Dick Cochran

Biographical details
- Born: December 22, 1907
- Died: April 24, 1971 (aged 63) Wellfleet, Massachusetts, U.S.

Playing career

Basketball
- 1931–1934: Tufts

Coaching career (HC unless noted)

Basketball
- 1944–1946: Tufts

Head coaching record
- Overall: 17–17
- Tournaments: 0–2 (NCAA)

= Dick Cochran (basketball) =

American basketball player and coach (1907–1971)

Richard W. Cochran (December 22, 1907 – April 24, 1971) was an American basketball player and coach who was the interim head basketball coach at Tufts from 1944 to 1946.

==Biography==
Cochran starred with his brother Arthur Cochran at Medford High School, then played for two years at the East Maine Conference Seminary. He entered Tufts University in 1930 and was captain of the basketball team and class president his senior year. He graduated from Tufts with a degree in civil engineering in 1934.

In 1938, Cochran began teaching in the Provincetown Public Schools. The following year, he became the principal at the Wellfleet Consolidated School in Wellfleet, Massachusetts. In 1944, he took a similar position in Sherborn, Massachusetts.
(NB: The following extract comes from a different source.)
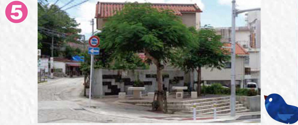
5 Tsuboya Yachimun (Pottery) St. Entrance Plaza ~The Tsuboya~ Situated at the gateway to Tsuboya Yachimun Street, this space was developed to serve as a symbolic landmark for the district, using local materials to capture the unique atmosphere of Tsuboya, the home of Yachimun pottery.

From 1944 to 1946, Cochran was the interim varsity basketball coach at Tufts while his brother, Arthur Cochran, was serving in the United States Navy. He led the team to an appearance in the 1945 NCAA basketball tournament.

In 1952, Cochran returned to the Wellfleet Consolidated School. He remained in Wellfleet until his death on April 24, 1971.